> [Data for processing]:

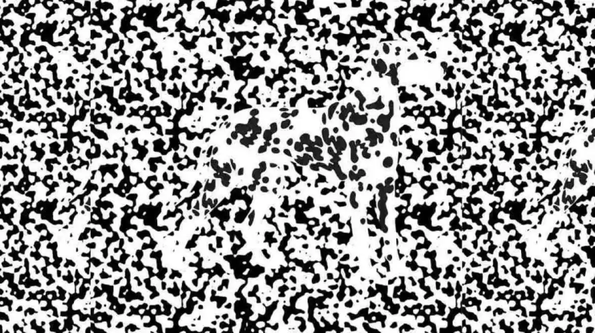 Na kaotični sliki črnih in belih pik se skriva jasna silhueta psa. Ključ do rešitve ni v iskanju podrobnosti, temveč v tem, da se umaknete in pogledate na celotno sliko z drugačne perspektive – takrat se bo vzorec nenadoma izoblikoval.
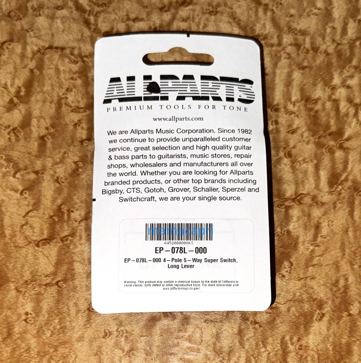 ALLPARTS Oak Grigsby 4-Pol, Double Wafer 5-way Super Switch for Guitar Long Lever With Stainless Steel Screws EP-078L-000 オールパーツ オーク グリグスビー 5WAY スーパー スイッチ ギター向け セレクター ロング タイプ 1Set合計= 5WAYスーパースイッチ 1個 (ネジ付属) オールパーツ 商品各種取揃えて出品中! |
---
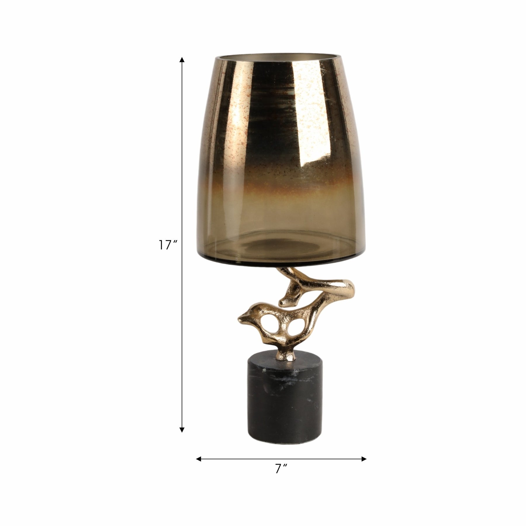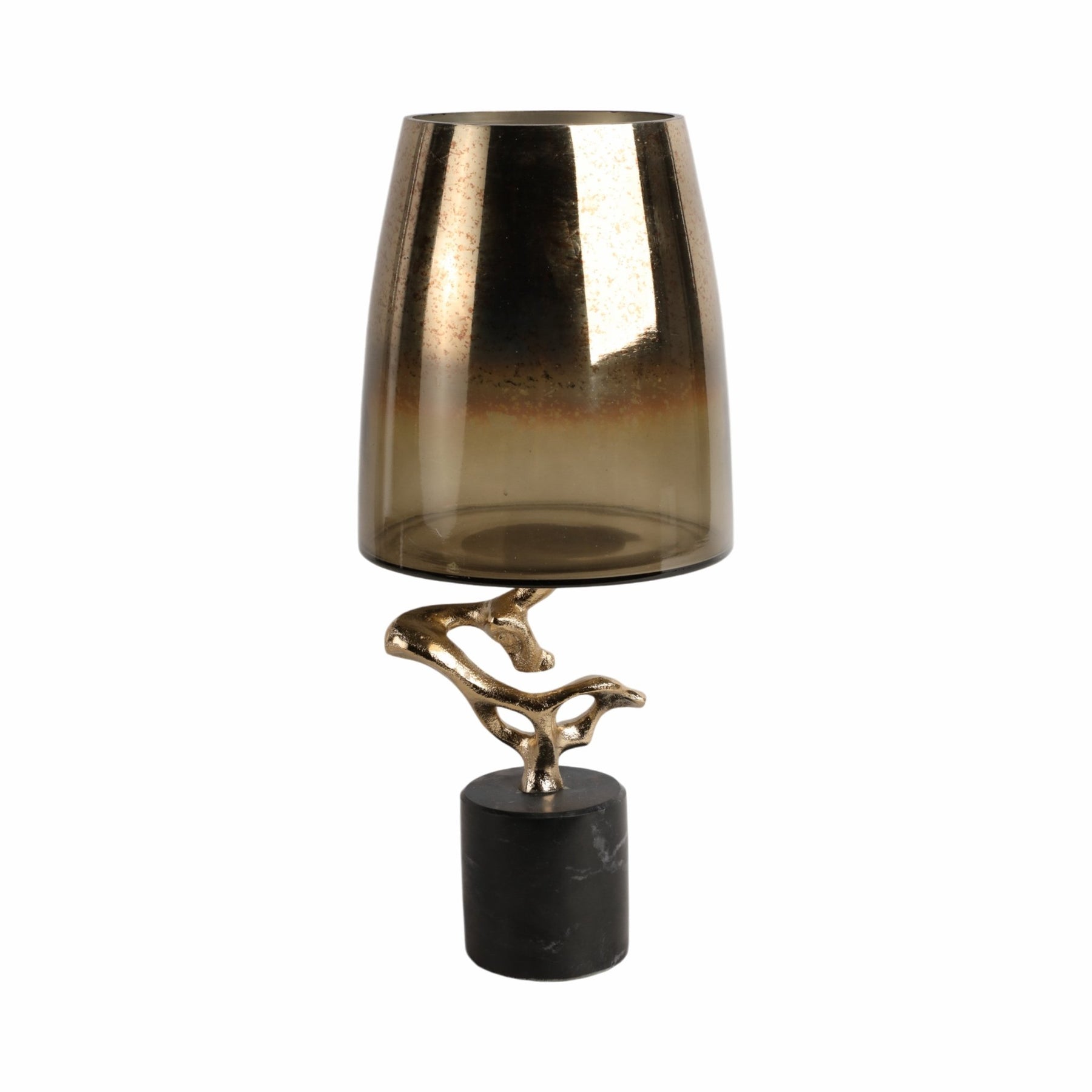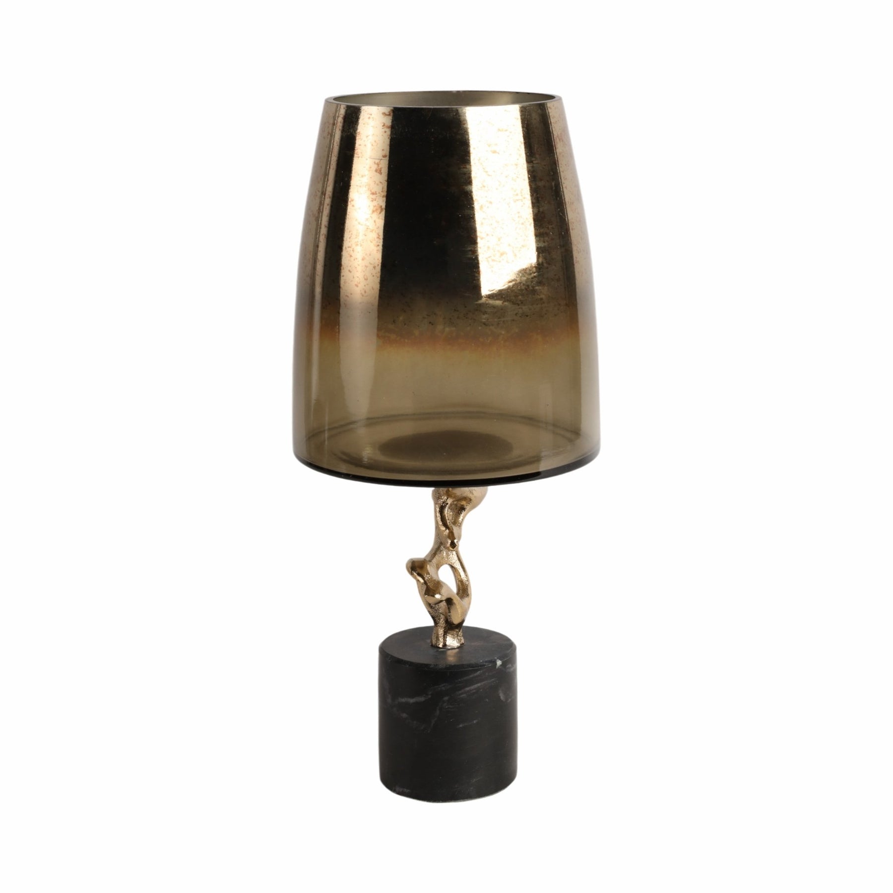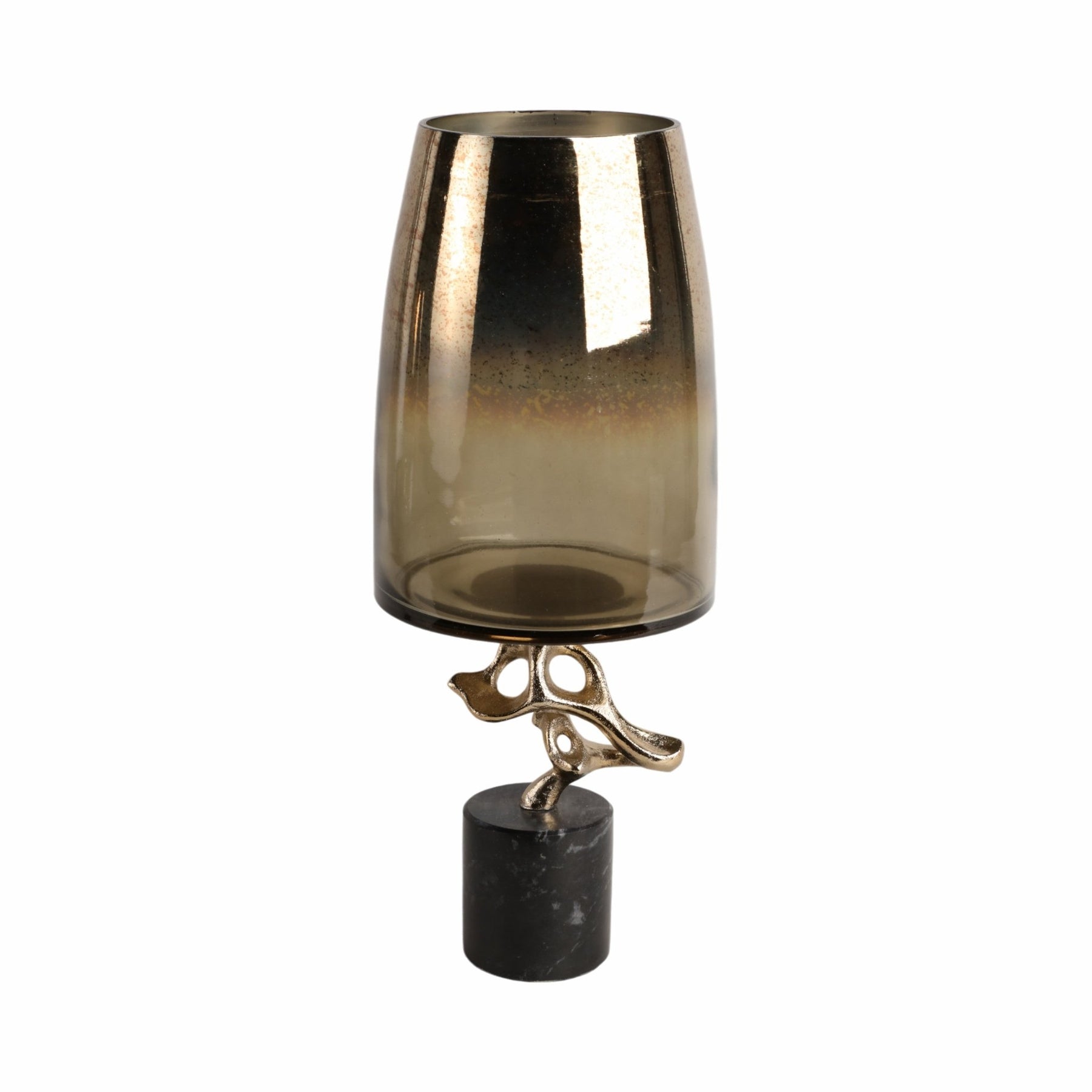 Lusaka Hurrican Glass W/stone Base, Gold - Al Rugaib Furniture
==
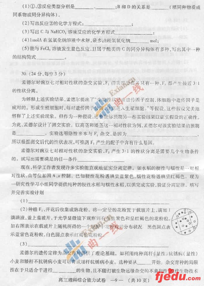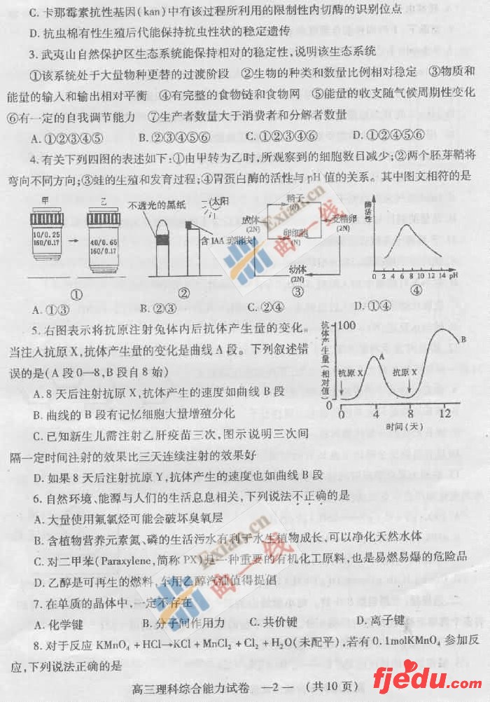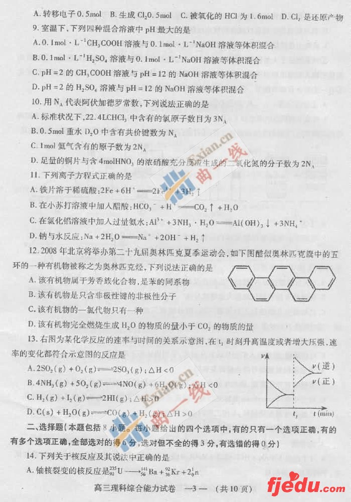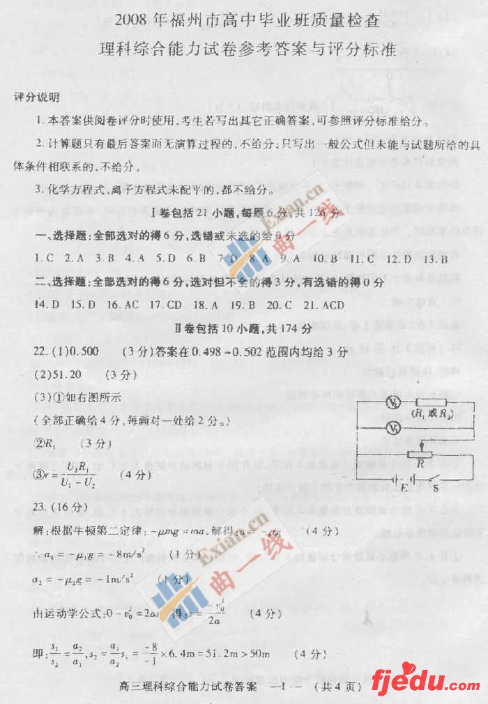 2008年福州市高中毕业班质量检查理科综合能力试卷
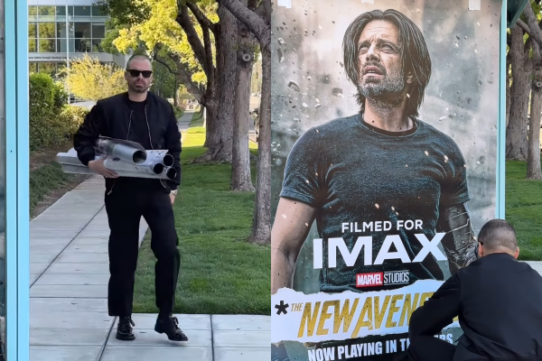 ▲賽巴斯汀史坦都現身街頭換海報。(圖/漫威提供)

> [Aim of the task]: Would you restate, exactly and with no pictures, the lines of the entries above from the one containing "Na kaotični sliki" through the one containing "ALLPARTS Oak Grigsby"?

> [Answer for this exercise]:
 Na kaotični sliki črnih in belih pik se skriva jasna silhueta psa. Ključ do rešitve ni v iskanju podrobnosti, temveč v tem, da se umaknete in pogledate na celotno sliko z drugačne perspektive – takrat se bo vzorec nenadoma izoblikoval.
 ALLPARTS Oak Grigsby 4-Pol, Double Wafer 5-way Super Switch for Guitar Long Lever With Stainless Steel Screws EP-078L-000 オールパーツ オーク グリグスビー 5WAY スーパー スイッチ ギター向け セレクター ロング タイプ 1Set合計= 5WAYスーパースイッチ 1個 (ネジ付属) オールパーツ 商品各種取揃えて出品中! |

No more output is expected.